- Theatrical release poster
- Directed by: Oliver Stone
- Written by: Oliver Stone (structure)
- Based on: Destiny Betrayed: JFK, Cuba, and the Garrison Case by James DiEugenio
- Produced by: Robert S. Wilson
- Narrated by: Whoopi Goldberg; Donald Sutherland;
- Cinematography: Robert Richardson
- Edited by: Kurt Mattila
- Music by: Jeff Beal
- Production companies: Ixtlan Productions; Pantagruel Productions; Ingenious Media;
- Distributed by: Altitude Film Distribution
- Release dates: July 12, 2021 (Cannes); November 12, 2021 (United States);
- Running time: 118 minutes
- Countries: United States United Kingdom
- Language: English

= JFK Revisited: Through the Looking Glass =

2021 documentary film by Oliver Stone

JFK Revisited: Through the Looking Glass is a 2021 documentary film about the assassination of John F. Kennedy directed by Oliver Stone, based on the 1992 non-fiction book Destiny Betrayed: JFK, Cuba, and the Garrison Case by James DiEugenio and on newly declassified evidence about the case.

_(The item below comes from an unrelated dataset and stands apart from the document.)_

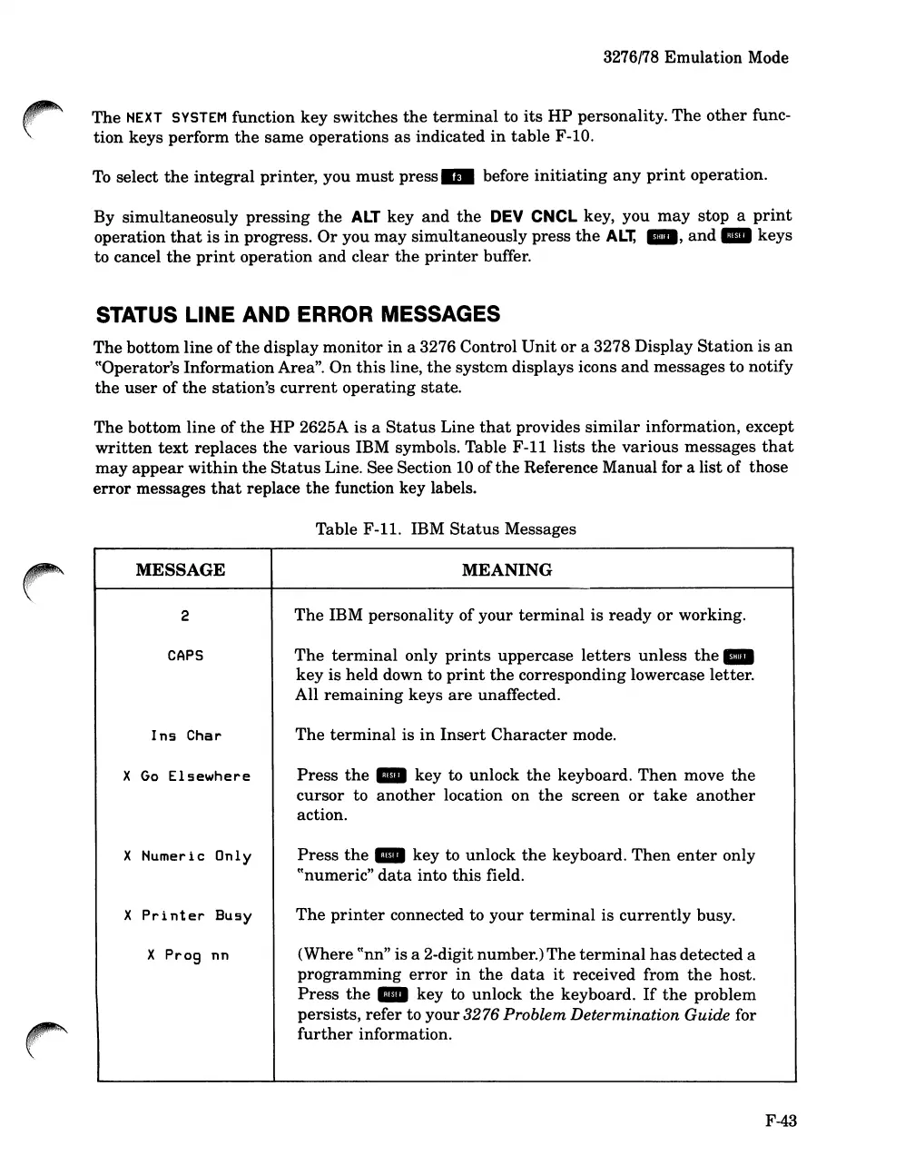 STATUS LINE AND ERROR MESSAGES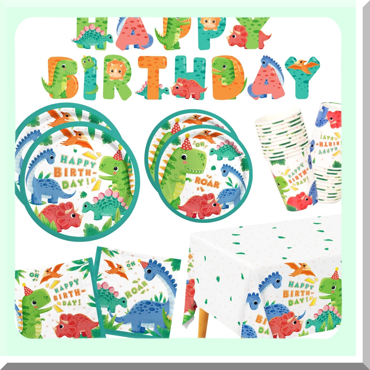 Make your child's birthday party unforgettable with this dinosaur-themed party pack! Perfect for creating a fun and exciting atmosphere, this pack includes everything you need for a fantastic celebration. From colorful decorations to party favors, this set has it all. Let your child's imagination run wild with this attractive and exquisite party pack that is sure to be a hit with all the little party guests. Get ready for a roaring good time!

It premiered on July 12, 2021, in the Cannes Premiere section at the 2021 Cannes Film Festival.

Stone described it as "an important bookend to my 1991 film. It ties up many loose threads, and hopefully repudiates much of the ignorance around the case and the movie". Originally conceived as a four-hour epic under the title JFK: Destiny Betrayed, the film is narrated by Whoopi Goldberg and Donald Sutherland.

==Synopsis==
After the 1991 film JFK, Congress enacts the President John F. Kennedy Assassination Records Collection Act of 1992, establishing a review board to declassify assassination-related documents. The film disputes the chain of evidence for the "single bullet" that caused wounds to Kennedy and Governor John Connally. Researcher Barry Ernest, author of the 2010 JFK book The Girl on the Stairs, is interviewed about alleged witness statements purportedly casting doubt on the timeline of Lee Harvey Oswald's movements immediately after the assassination.

Interviewees featured in the film include:
- John R. Tunheim
- Dr. Henry Lee
- Robert F. Kennedy, Jr., nephew of President John F. Kennedy.
- James K. Galbraith
- David Talbot
- Cyril Wecht

==Production==
The film was produced by Ixtlan Productions and Pantagruel Productions with funding by Ingenious Media.

==Release==
It was released on video on demand on November 12, 2021, and was televised on Showtime on November 22, 2021. It was theatrically released in the U.K. and Ireland by Altitude Film Distribution on November 26, 2021.

==Reception==
 Metacritic, which uses a weighted average, assigned the film a score of 55 out of 100, based on 7 critics, indicating "mixed or average" reviews.